### WHAT THE TASK REQUIRES
Write out every entry exactly as given, but omit the pictures.

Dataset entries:
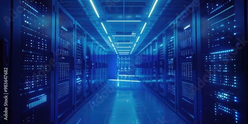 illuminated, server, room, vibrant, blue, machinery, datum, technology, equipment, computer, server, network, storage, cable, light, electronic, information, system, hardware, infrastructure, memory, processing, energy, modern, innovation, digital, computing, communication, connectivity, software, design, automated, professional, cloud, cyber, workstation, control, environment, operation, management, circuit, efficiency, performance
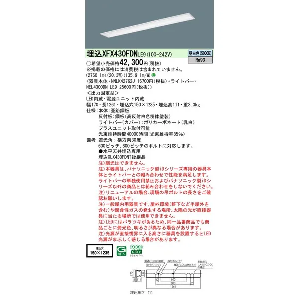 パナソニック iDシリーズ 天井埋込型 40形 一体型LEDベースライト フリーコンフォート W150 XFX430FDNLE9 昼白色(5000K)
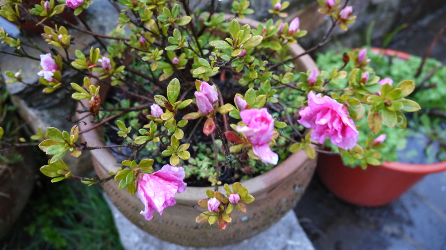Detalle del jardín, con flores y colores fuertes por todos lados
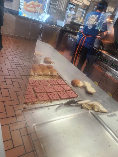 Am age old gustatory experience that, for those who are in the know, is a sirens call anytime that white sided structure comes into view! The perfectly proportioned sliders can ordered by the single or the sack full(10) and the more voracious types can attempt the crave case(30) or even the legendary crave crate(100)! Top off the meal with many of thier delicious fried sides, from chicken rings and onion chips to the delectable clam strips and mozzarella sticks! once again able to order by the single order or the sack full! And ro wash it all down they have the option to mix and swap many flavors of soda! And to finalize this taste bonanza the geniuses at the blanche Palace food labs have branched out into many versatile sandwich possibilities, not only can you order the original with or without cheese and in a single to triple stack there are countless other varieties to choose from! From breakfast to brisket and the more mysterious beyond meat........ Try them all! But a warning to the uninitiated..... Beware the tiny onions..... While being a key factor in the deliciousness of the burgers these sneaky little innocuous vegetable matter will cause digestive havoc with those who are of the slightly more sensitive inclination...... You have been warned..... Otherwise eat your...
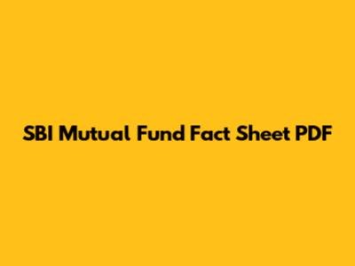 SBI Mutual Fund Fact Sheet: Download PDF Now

### SOLUTION TO THE EXERCISE
 illuminated, server, room, vibrant, blue, machinery, datum, technology, equipment, computer, server, network, storage, cable, light, electronic, information, system, hardware, infrastructure, memory, processing, energy, modern, innovation, digital, computing, communication, connectivity, software, design, automated, professional, cloud, cyber, workstation, control, environment, operation, management, circuit, efficiency, performance
 パナソニック iDシリーズ 天井埋込型 40形 一体型LEDベースライト フリーコンフォート W150 XFX430FDNLE9 昼白色(5000K)
Detalle del jardín, con flores y colores fuertes por todos lados
 Am age old gustatory experience that, for those who are in the know, is a sirens call anytime that white sided structure comes into view! The perfectly proportioned sliders can ordered by the single or the sack full(10) and the more voracious types can attempt the crave case(30) or even the legendary crave crate(100)! Top off the meal with many of thier delicious fried sides, from chicken rings and onion chips to the delectable clam strips and mozzarella sticks! once again able to order by the single order or the sack full! And ro wash it all down they have the option to mix and swap many flavors of soda! And to finalize this taste bonanza the geniuses at the blanche Palace food labs have branched out into many versatile sandwich possibilities, not only can you order the original with or without cheese and in a single to triple stack there are countless other varieties to choose from! From breakfast to brisket and the more mysterious beyond meat........ Try them all! But a warning to the uninitiated..... Beware the tiny onions..... While being a key factor in the deliciousness of the burgers these sneaky little innocuous vegetable matter will cause digestive havoc with those who are of the slightly more sensitive inclination...... You have been warned..... Otherwise eat your...
 SBI Mutual Fund Fact Sheet: Download PDF Now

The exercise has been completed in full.